I turn my head to avoid the kiss

"My day was fine. How about yours?" I say sarcastically.

"Please don't start Lena. I've had a shitty day."

"Please don't curse." I says getting more irritated.

"Dinner hasn't even started and you're already starting. I see how tonight is going to go."

"Well tonight wasn't even my idea. It was yours. I don't understand why we are doing this anyway. You already said that they don't approve of this "Lesbian circus" so why do they insist on them meeting me?" I stare at her waiting for an answer.

"I don't know Lena. But I do know that I have expressed how much you mean to me and that... well that I'm falling in love with you."

I am shocked.
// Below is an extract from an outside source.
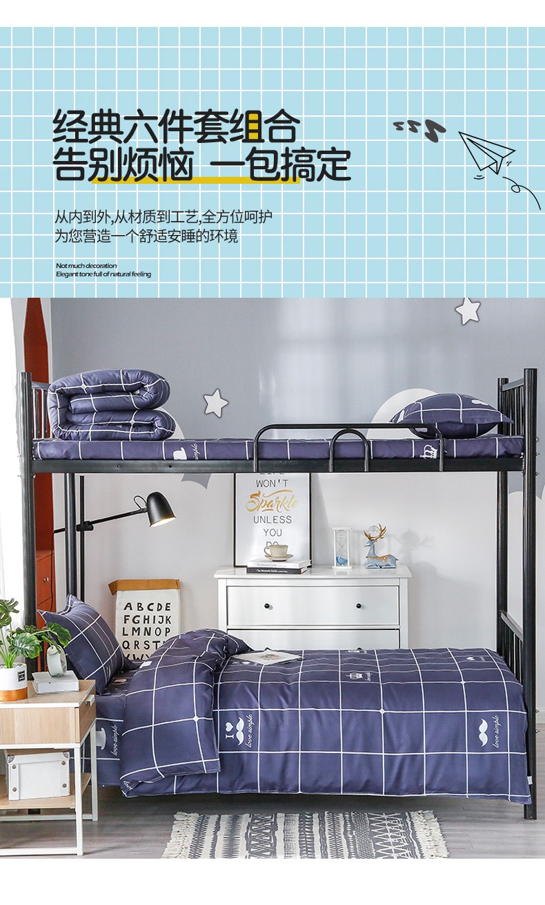商品名称:(总)2025水洗棉印花学生宿舍六件套 羽丝绒床垫床单款六件套

She takes a long pause waiting for a response. But I really don't have one.

"Look I know that when we first started dating, what the rules were. I understood then but I love you Lena and you may not feel the same way that I feel but I'm hoping that I can change that. I'm not Stef. And I'm not trying to be. I'm trying to be the person that knocks you  off of your feet. the one that you can talk to about anything. The one that will be there for you when you need. I know that the last couple of weeks have been a little rough and I haven't been here mentally but I want to be here for you."

She sighs as she waits for a response, and again I have nothing to say.

"Look, You don't have to say anything right now. I know its a lot to digest. Just think about it. Lets see how tonight goes. Im sure that they will love you when they get to know you and love you as much as I do."